This is the official repository of the IEEE SLT 2024 paper Self-Supervised Syllable Discovery Based on Speaker-Disentangled HuBERT.
sudo apt install git-lfs # for UTMOS
conda create -y -n py310 -c pytorch -c nvidia -c conda-forge python=3.10.18 pip=24.0 faiss-gpu=1.11.0
conda activate py310
pip install -r requirements/requirements.txt
sh scripts/setup.sh
import torchaudio
from src.flow_matching import FlowMatchingWithBigVGan
from src.s5hubert import S5HubertForSyllableDiscovery
wav_path = "/path/to/wav"
# download pretrained models from hugging face hub
encoder = S5HubertForSyllableDiscovery.from_pretrained("ryota-komatsu/s5-hubert", device_map="cuda")
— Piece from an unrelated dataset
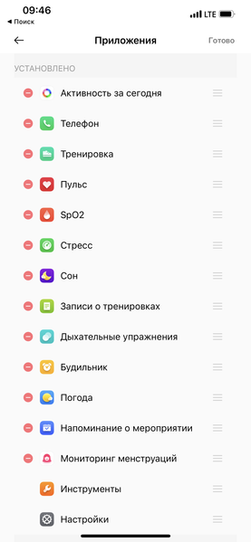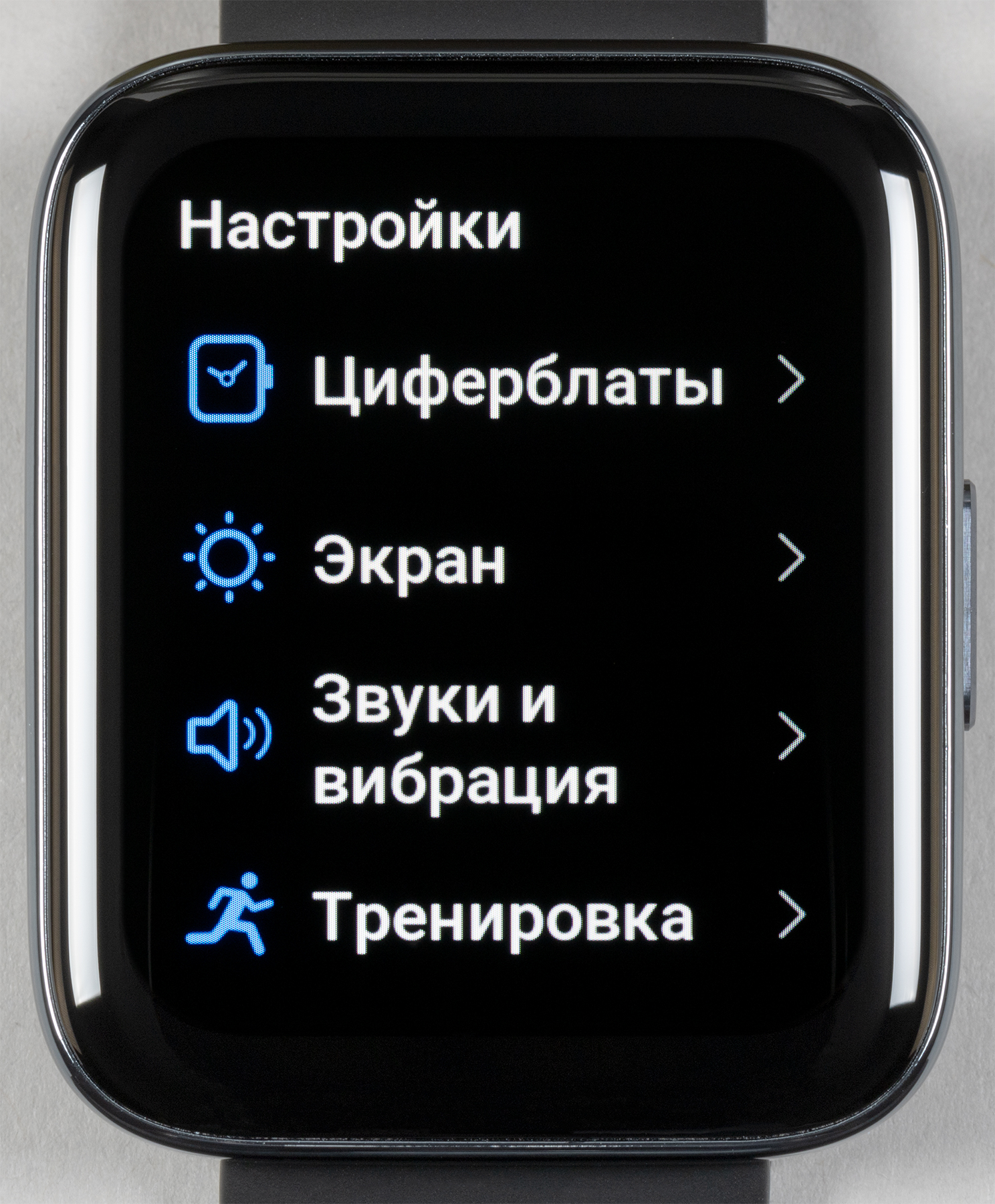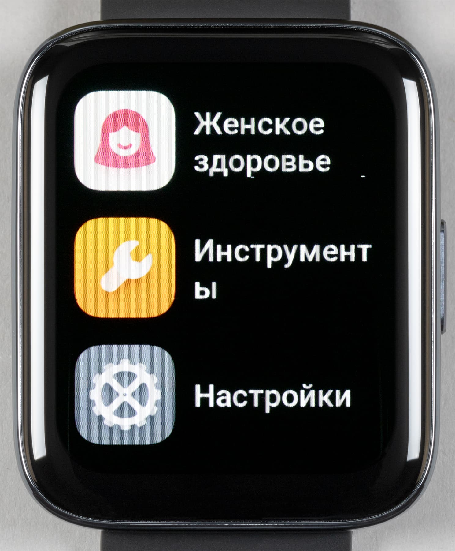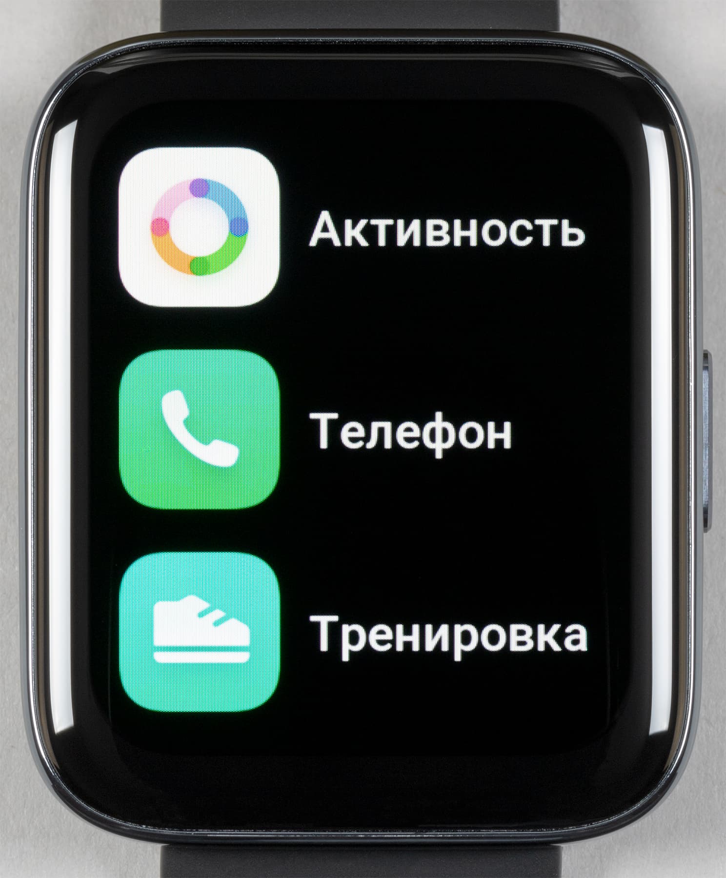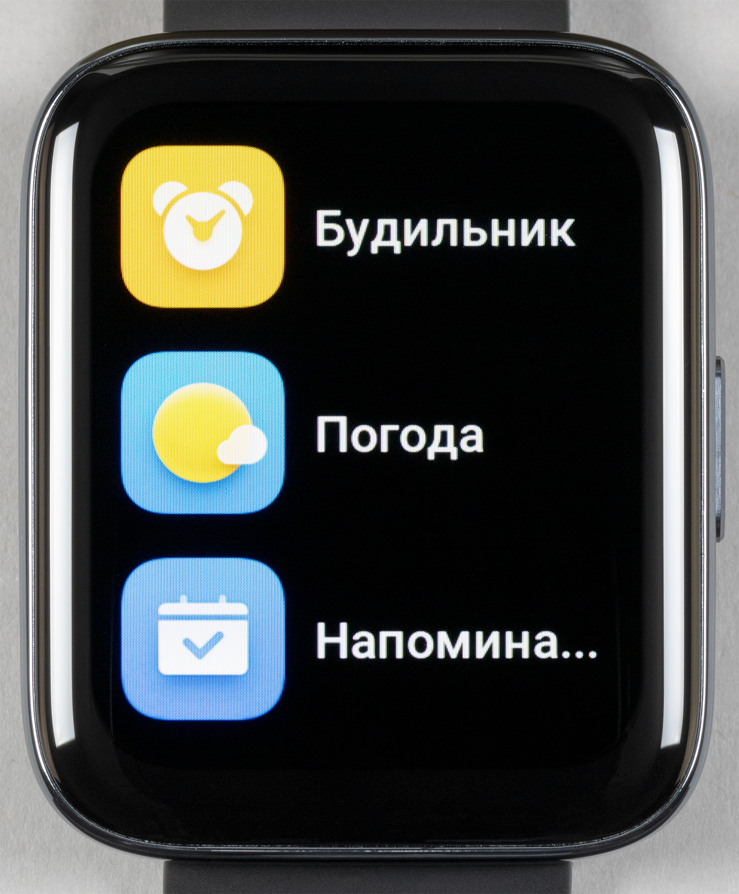 Набор возможностей, в целом, традиционен для подобного класса устройств и не сильно отличается от того, что мы видели у Realme Watch 2 Pro. Главное новшество — возможность принимать и совершать телефонные звонки на часах. На скриншоте ниже — полный список доступных приложений.

decoder = FlowMatchingWithBigVGan.from_pretrained("ryota-komatsu/s5-hubert-decoder", device_map="cuda")
# load a waveform
waveform, sr = torchaudio.load(wav_path)
waveform = torchaudio.functional.resample(waveform, sr, 16000)
# encode a waveform into syllabic units
outputs = encoder(waveform.cuda())
# syllabic units
units = outputs[0]["units"] # [3950, 67, ..., 503]
units = units.unsqueeze(0) + 1 # 0: pad
# unit-to-speech synthesis
audio_values = decoder(units)
Google Colab demo is found here.
You can download a pretrained model from Hugging Face.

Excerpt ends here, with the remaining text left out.